Le concept était intéressant, mais encore trop limité.

Au CES 2011, Motorola présentait l’Atrix qui était assez classique dans son genre, sauf peut-être pour son lecteur d’empreintes digitales qui le différenciait de la concurrence. Mais le réel élément innovant de ce téléphone était le lapdock. Ce dock vendu séparément permettait au téléphone de se transformer en véritable ordinateur.

Tout comme pour l’Asus Padfone, le téléphone s’occupait à lui seul d’afficher l’interface et de traiter les informations sur l’écran déporté. Malheureusement l’expérience était vraiment limitée, car à part l’utilisation d’un navigateur web, le lapdock ne servait pas à grande chose. Depuis d’autres smartphones ont été compatibles et Motorola a fait évoluer son concept.

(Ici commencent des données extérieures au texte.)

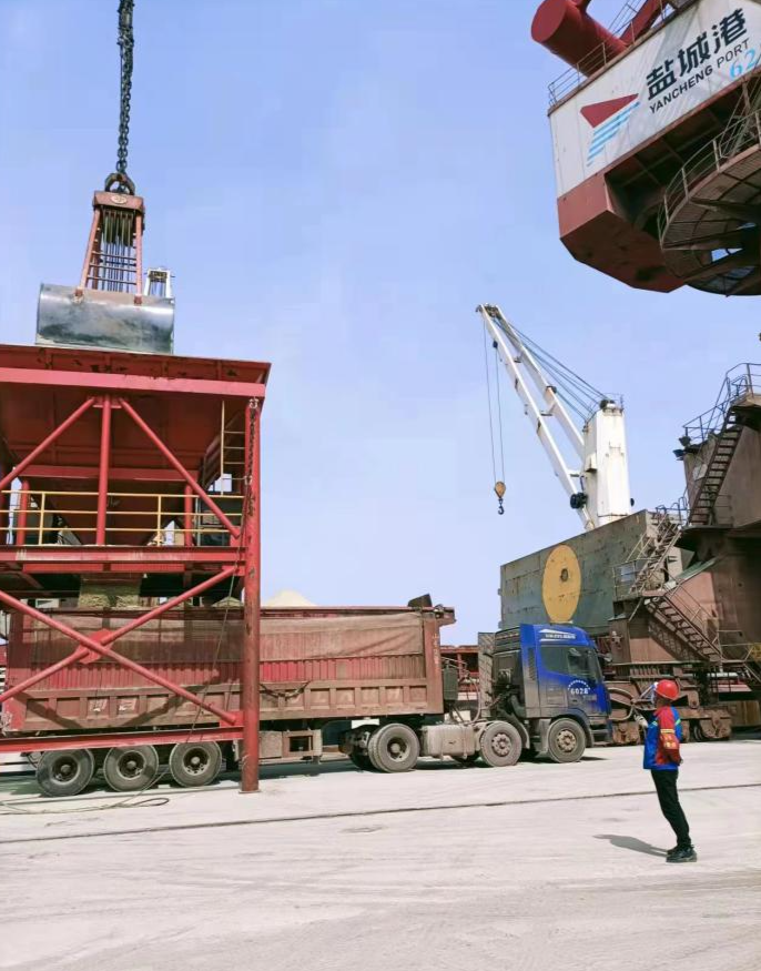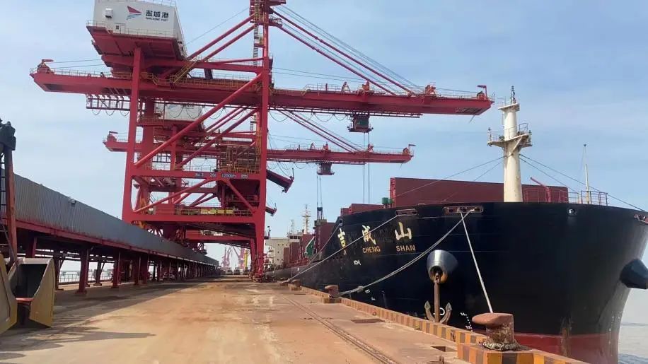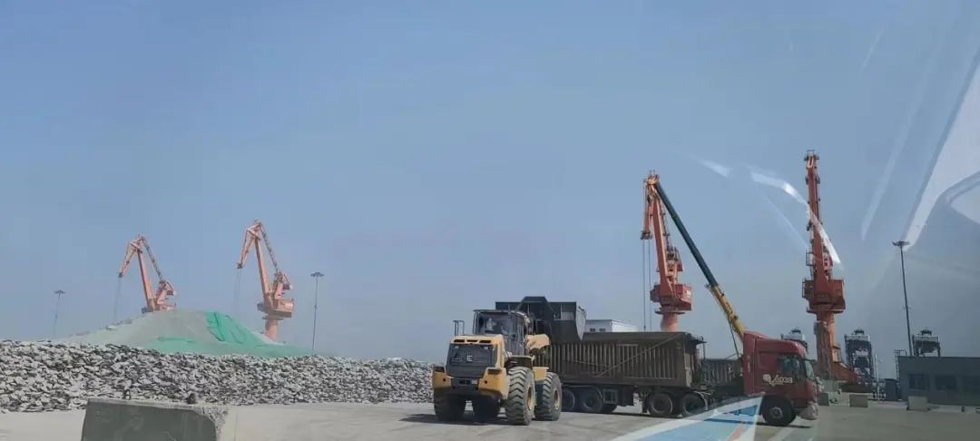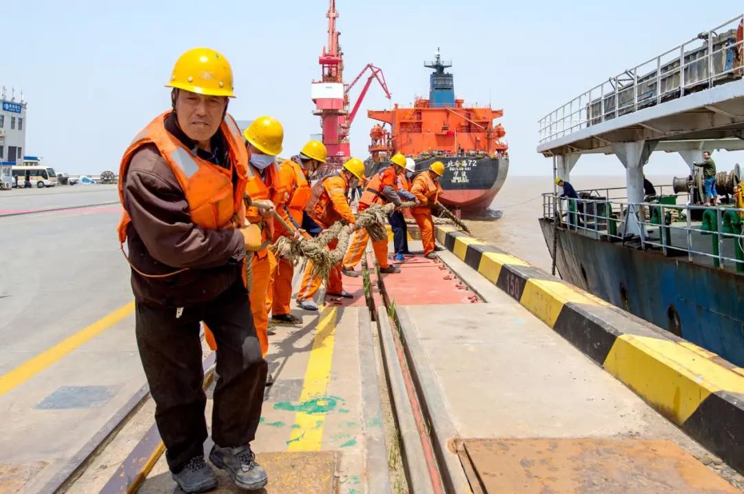码头上,车来车往,装船卸船,一片繁忙。一线员工们各司其职,熟练地操作着机械设备,现场作业井然有序。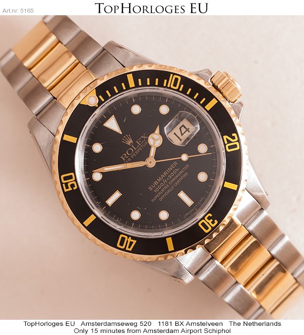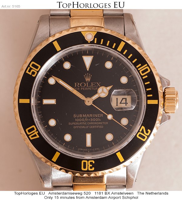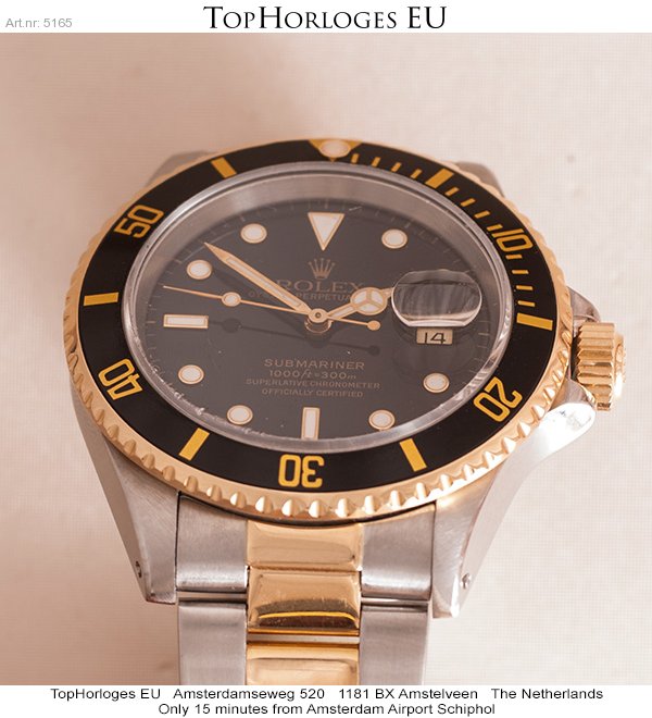 Goudstalen Rolex Submariner, deze duiker uit de begin jaren 90 is in een gedragen maar goede algehele staat.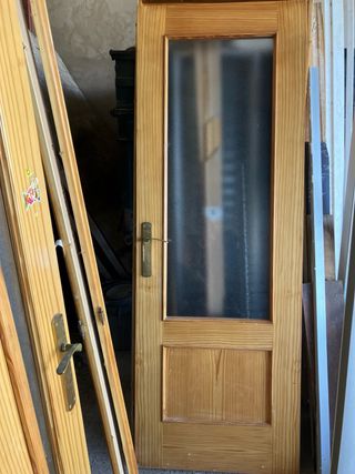 Puertas interiores de madera para vivienda de 203cm de alto. (30€ cada puerta) Incluyen marco y tapetas. -1 puerta con cristal de 72cm -1 puerta doble con cristal de 72 y 42cm (cristal de 72 rajado) - Material: Madera - Color: Natural - Acabado: Barnizado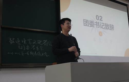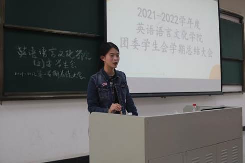 本网讯 3月10日下午2时30分,2021-2022学年度英文学院团委学生会学期总结大会在二教219举办。英文团学轮值主席戴婉柔主持了本次大会。英文学院21级辅导员兼团委书记马骁以及英文团学全体成员出席会议。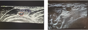 Figure 7. Ultrasound findings of axillary block: A- axillary artery, V – veins, MN – medial nerve, UN – ulnar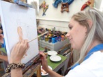 Met Tekenmaterialen en/of Verf op Papier staan/zittend werken we achter schilderezels in het goed verlichte en goed geoutilleerd

Du côté du grand public cet accessoire, probablement trop geek, n’a pas séduit les foules. Par conséquent, l’entreprise a décidé de stopper la commercialisation de son lapdock avec l’interface webtop, plutôt que d’investir dans une technologie non rentable. Cette décision semble avoir été prise conjointement avec Google.

« Le Webtop de Motorola permet aux utilisateurs d’étendre leur expérience smartphone sur des écrans plus grands.

Alors que les consommateurs du monde entier ont adopté le concept et que le Webtop a stimulé beaucoup d’innovations dans l’industrie, l’adoption n’a pas été assez forte pour justifier les ressources affectées au développement sur de futurs appareils.

Nous avons également vu qu’Android intègre de plus en plus de fonctionnalités proches des ordinateurs. A partir du Photon Q, Droid RAZR M/Droid RAZR HD/Droid RAZR Maxx HD, nous n’intégrerons plus cette fonctionnalité dans nos produits »

Une autre partie de l’explication vient des modifications apportées à l’entreprise, car ses résultats financiers sont décevants. 1/5 des employés devraient être renvoyés prochainement et sachant que le lapdock était un poste de dépense ne générant pas suffisant de ventes, il a été écarté.